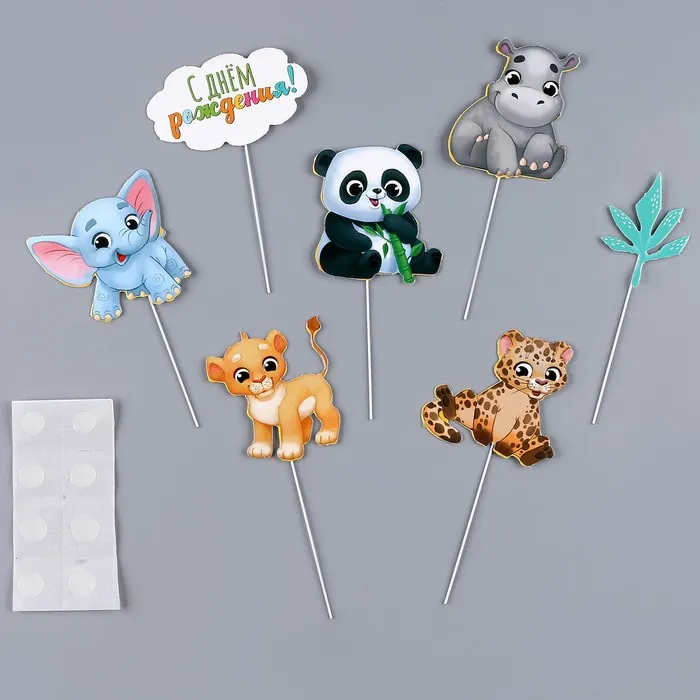Топпер для торта картон на подложке с проволокой «Зверюшки» — Характеристики
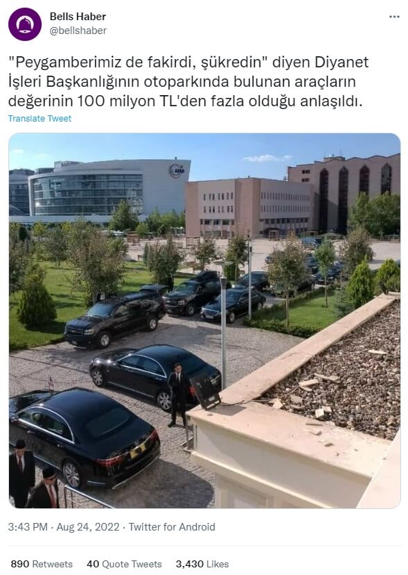 “”Peygamberimiz de fakirdi, şükredin” diyen Diyanet İşleri Başkanlığının otoparkında bulunan araçların değerinin 100 milyon TL’den fazla olduğu anlaşıldı.”
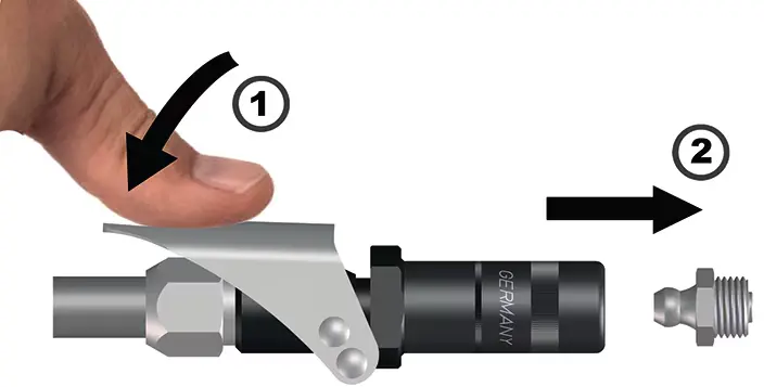 Engate rápido de segurança, com 4 garras em aço com vedação hidráulica de alto desempenho.
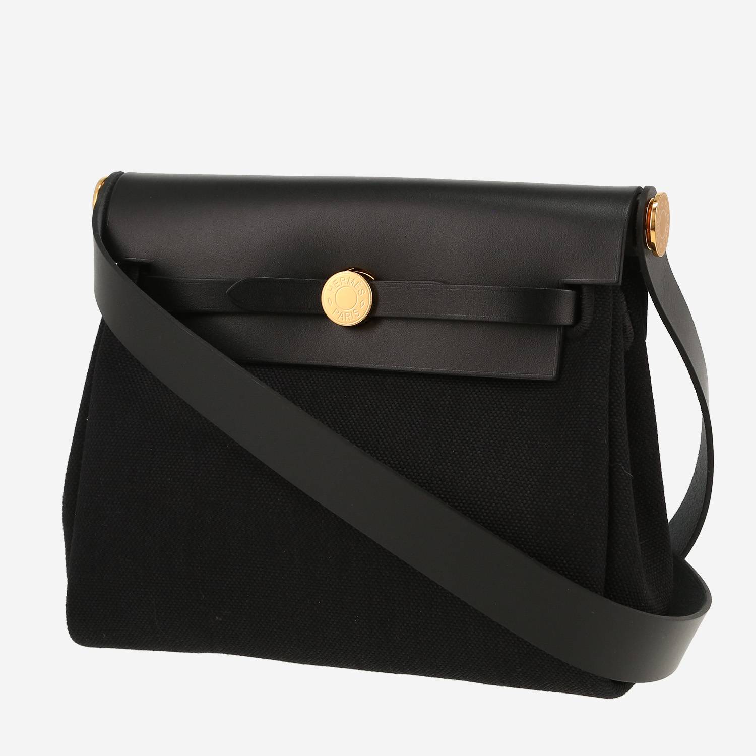 Sublime sac bandoulière Hermès Mini Herbag en toile et cuir noir, garniture en métal doré, une anse en cuir noir permettant un porté épaule ou bandoulière.

> Exercise description
Starting at the line with "Engate rápido de" and stopping at the final line of the material, reproduce each line exactly, both ends included. Leave the pictures out.

> Exercise response
 Engate rápido de segurança, com 4 garras em aço com vedação hidráulica de alto desempenho.
 Sublime sac bandoulière Hermès Mini Herbag en toile et cuir noir, garniture en métal doré, une anse en cuir noir permettant un porté épaule ou bandoulière.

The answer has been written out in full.